- Belfast shown within Northern Ireland

Former constituency
- Created: 1929
- Abolished: 1973
- Election method: First past the post

= Belfast Duncairn (Northern Ireland Parliament constituency) =

Constituency of the Parliament of Northern Ireland

Belfast Duncairn was a constituency of the Parliament of Northern Ireland.

==Boundaries==
Belfast Duncairn was a borough constituency comprising part of northern Belfast. It was created in 1929 when the House of Commons (Method of Voting and Redistribution of Seats) Act (Northern Ireland) 1929 introduced first-past-the-post elections throughout Northern Ireland.
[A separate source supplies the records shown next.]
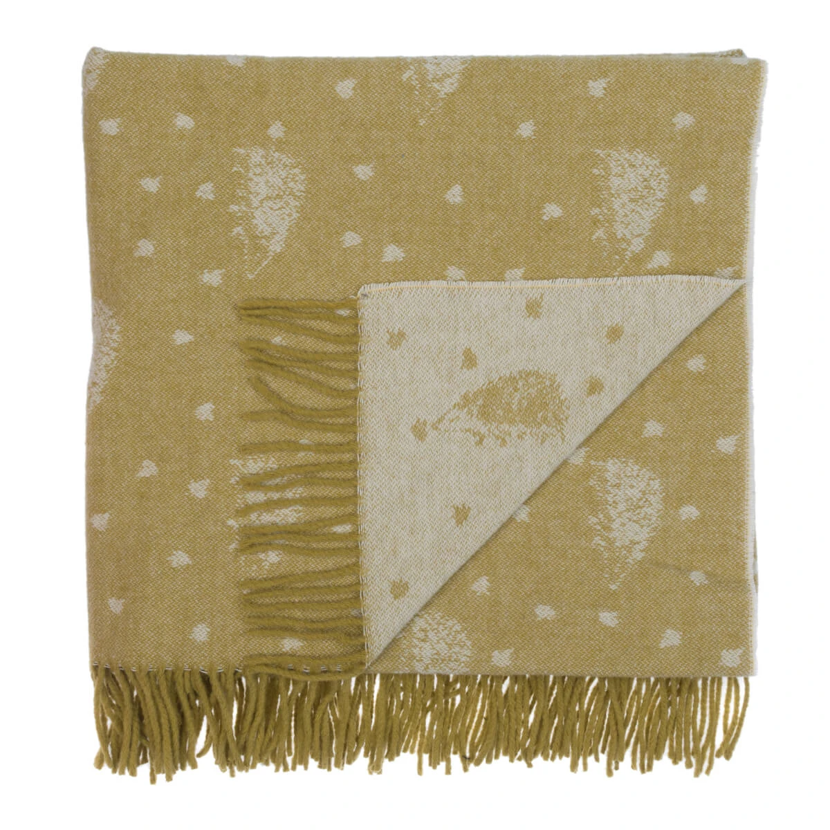 Made from 100% wool, this beautiful knitted throw will add a charming country touch to any home. Covered in adorable hedgehogs and falling autumn leaves on a mustard yellow ground. Perfect for layering over sofas, armchairs, or displaying as a bed throw.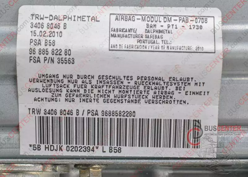 Подушка безопасности пассажирская (AirBag) Citroen C4 Picasso 9688582280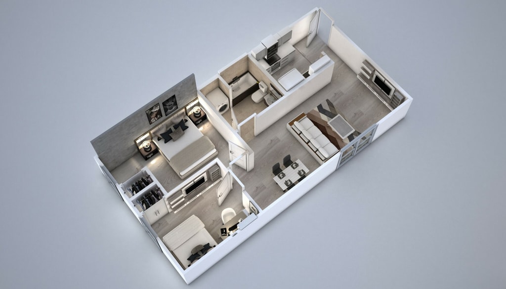2 Beds, 1 Bath, 800 sq ftModel Gallery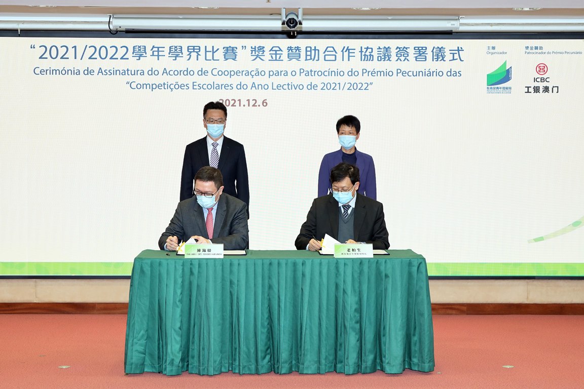 为培养学生对运动、科普、表演艺术等兴趣,同时提供互相观摩及交流的平台,教育及青年发展局每学年均举办多元化的学界比赛,领域涵盖体育、艺术、辩论、数学及科普等项目,而“2021/2022学年学界比赛”中,共有21个学界比赛项目获得中国工商银行(澳门)股份有限公司担任“奖金赞助”单位。为此,教青局于2021年12月6日举行“2021/2022学年学界比赛”奖金赞助合作协议签署仪式,在中央人民政府驻澳门特别行政区联络办公室教育与青年工作部部长徐婷、中国工商银行(澳门)股份有限公司董事长姜壹盛的见证下,教青局局长老柏生与中国工商银行(澳门)股份有限公司副行政总裁陈锦联签署奖金赞助合作协议。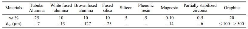 Recently, the simultaneous use of several oxides in the refractory composition has led to the formation of another class of refractories called alumina-magnesia-graphite (AMG) [9] and alumina-zirconia-graphite (AZG) [10] refractories. These classes of materials have attracted a lot of attention and researchers have studied the parameters affecting their properties. Muñoz et al. carefully analyzed texture, composition and micro- structure of three commercial AMC bricks and studied their dimensional change and thermal and mechanical properties [11]. They also evaluated the slag corrosion using experimental data and thermodynamic simulation [12]. Klewski et al. studied the effect of different alumina sources with different grain size on the final properties of AMC bricks [13]. Mukhopadhyay et al. discussed on the effect of MgO grain size and found that spinelizarion reaction and permanent linear change of refractory are directly related to the total surface area of magnesia [14]. Babakhanova and Aripova changed the corundum, talc and graphite amount and showed that the maximum slag strength is related to the composition with the lowest porosity [15]. Yu et al. investigated the effect of manufacturing parameters such as pressure, particle size distribution, sintering temperature and time on the final properties of AZG refractories, and they found that the use of alumina with high ratio of coarse to fine particle has led to an increase in density [16-17].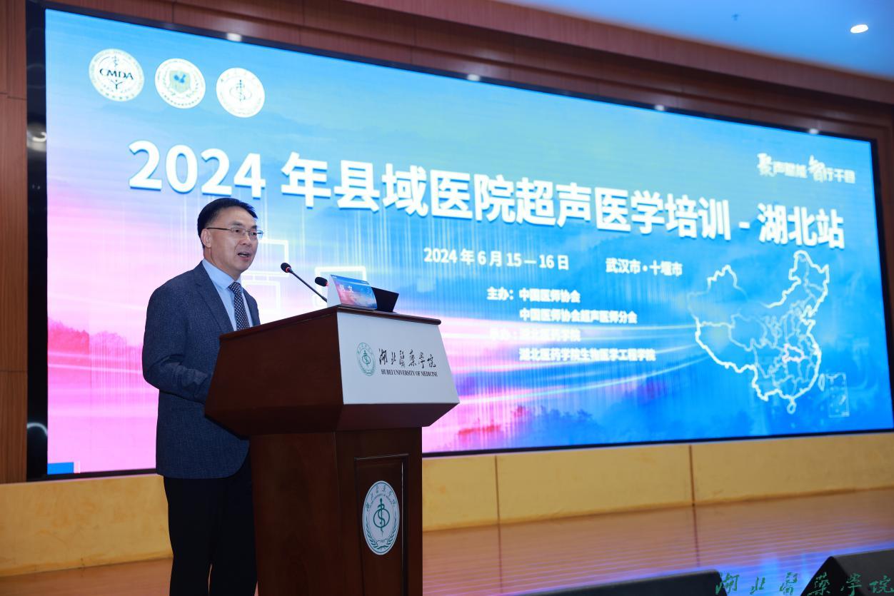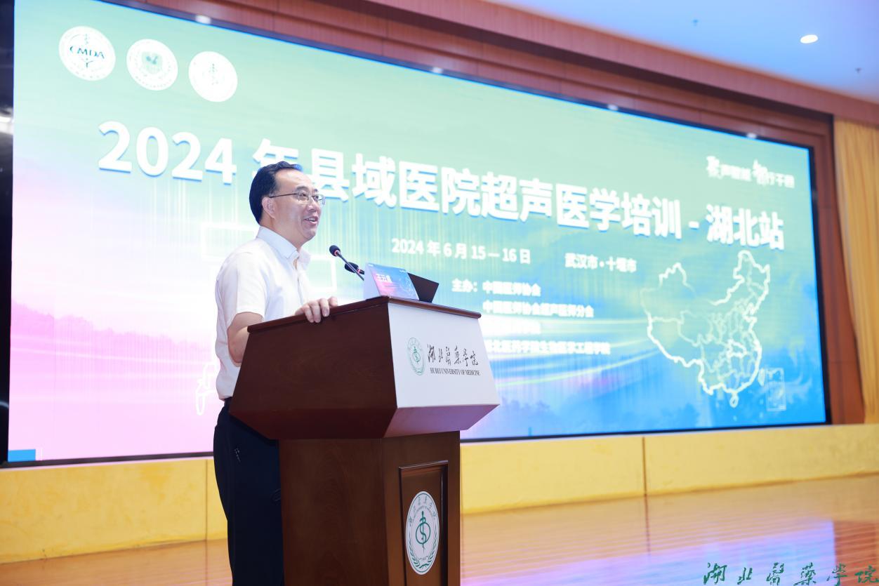 本网讯(文/邓闻达 图/鲍晓宇)6月15日,由中国医师协会超声医师分会主办、湖北医药学院承办的“2024全国县域医院超声医学培训”启动会在科教楼学术报告厅开幕。党委副书记、校长王云甫,原党委书记涂汉军,党委常委、统战部部长谭艳,生物医学工程学院院长、直属附属人民医院院长孙泽群,中国医师协会超声医师分会会长何文等出席大会。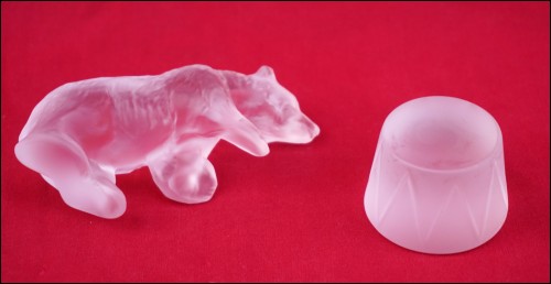 Ours et son tabouret en cristal dépoli par la Cristallerie Royale de Champagne milieu XX° siècle. Hauteur 7 cm, longueur 9.5 cm. Parfait état.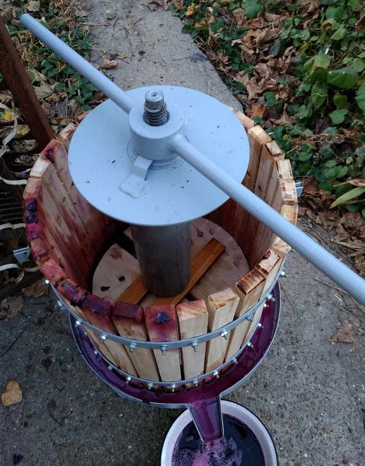 Купил я большой пресс для винограда, думал, у него конструкция как у малого на фото выше, не пригляделся... Набрал пару ведер молотого винограда, а пресс не достает до винограда ))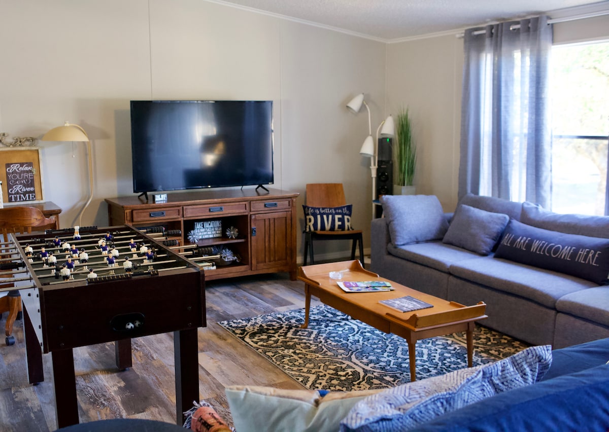 Niesamowita przestrzeń dla znajomych i rodziny. Ponad 1/2 akra; dzika przyroda. Przednie i tylne tarasy, wanna z hydromasażem, stoły piknikowe, grill na węgiel drzewny i kominek. Niesamowite ciemne niebo do obserwacji gwiazd. Piłkarzyki, telewizory 58” i 32” z funkcją streamingu, kącik dla dzieci, spacer do Wildflour Artisan Bakery & Grill i sklepu monopolowego. Kilka minut do Guadalupe, Canyon Lake Dam i Whitewater Amphitheater. Łatwe dojazdy do New Braunfels, San Marcos, San Antonio, Blanco, Wimberley i Hill Country! Odnowiony stary dom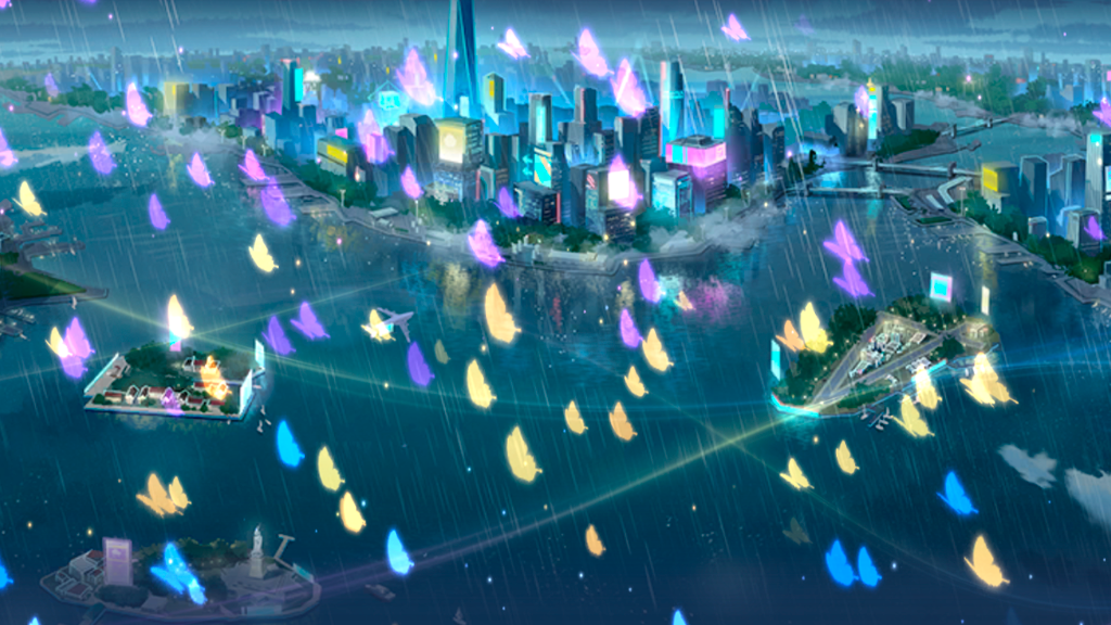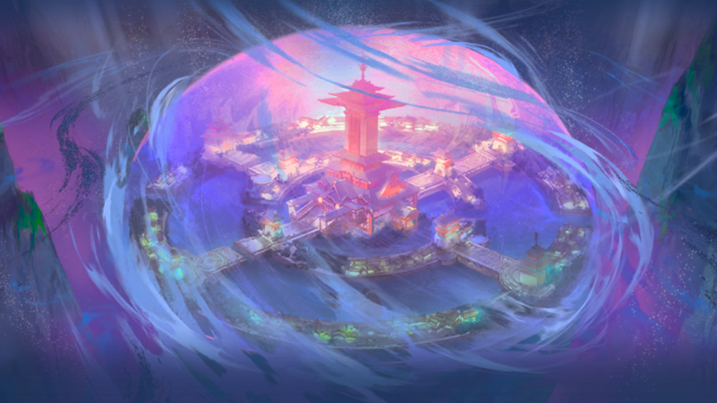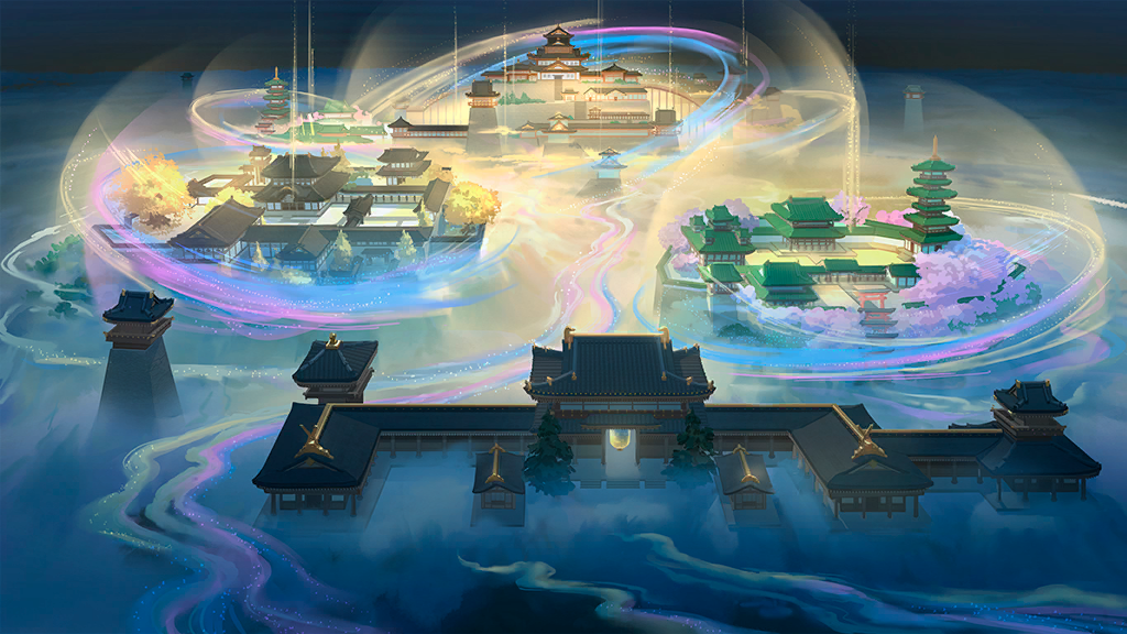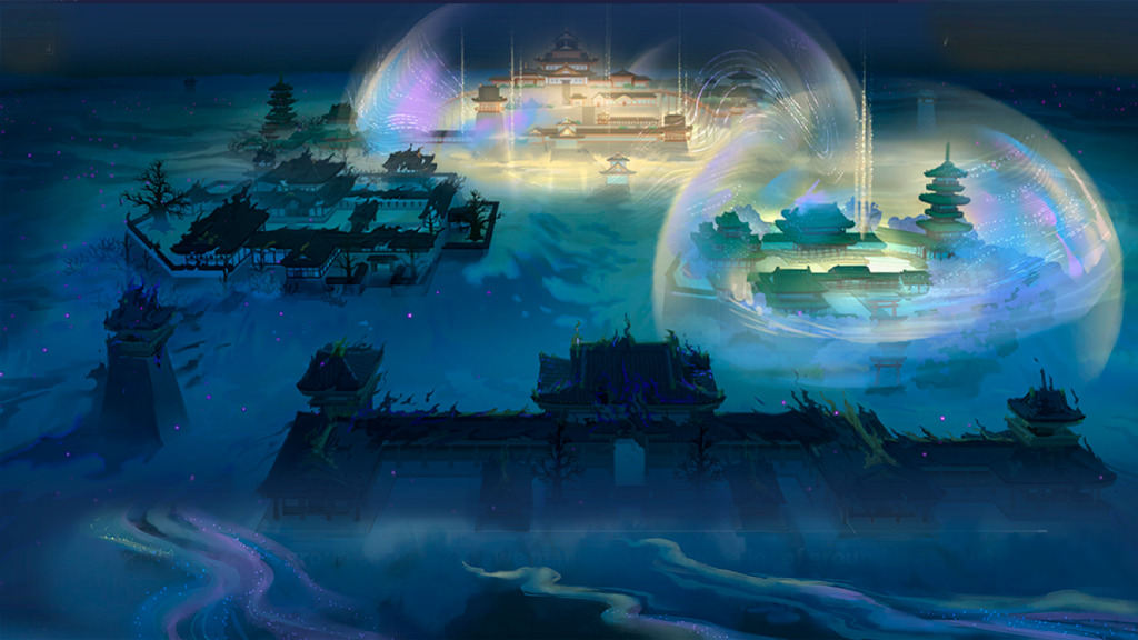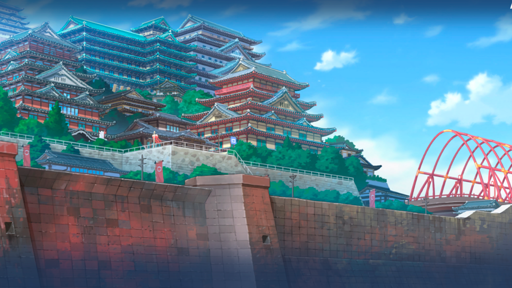 Дворец разделён двумя дорогами идущими с востока на запад, и с севера на юг, и разделён на три отдельные круглые зоны изнутри и снаружи. Каждая область не образует единого целого, а скорее разделяется на сектора разного размера из-за проходящих через них водных артерий. Здания, излучающие золотистый цвет, усеивают городской пейзаж, следуя правилам планировки: низкие снаружи и высокие внутри. Наконец, в самом центре его возвышается огромная башня, устремлённая ввысь над пейзажем и облаками. В файлах об Империи Сакуры, которые я читал, было название - Дворец Дракона. |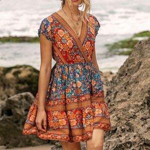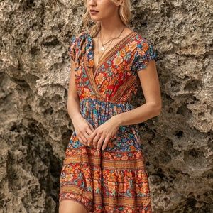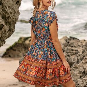 Boho Chic Floral Print V-neck Ruffle Hem Dress

Belfast Duncairn was created by the division of Belfast North into four new constituencies. It survived unchanged, returning one member of Parliament, until the Parliament of Northern Ireland was temporarily suspended in 1972, and then formally abolished in 1973.

==Politics==
In common with other seats in North Belfast, the seat had little nationalist presence. It was always won by Unionist candidates, although labour movement and independent unionist candidates often contested it.

==Members of Parliament==

| Election |  | Member | Party |
|  | 1929 | William Grant | Ulster Unionist Party |
|  | 1949(b) | George Hanna | Ulster Unionist Party |
|  | 1956(b) | William Fitzsimmons | Ulster Unionist Party |
|  | 1973 | Constituency abolished |  |  |

==Election results==

At the 1929 Northern Ireland general election, William Grant was elected unopposed.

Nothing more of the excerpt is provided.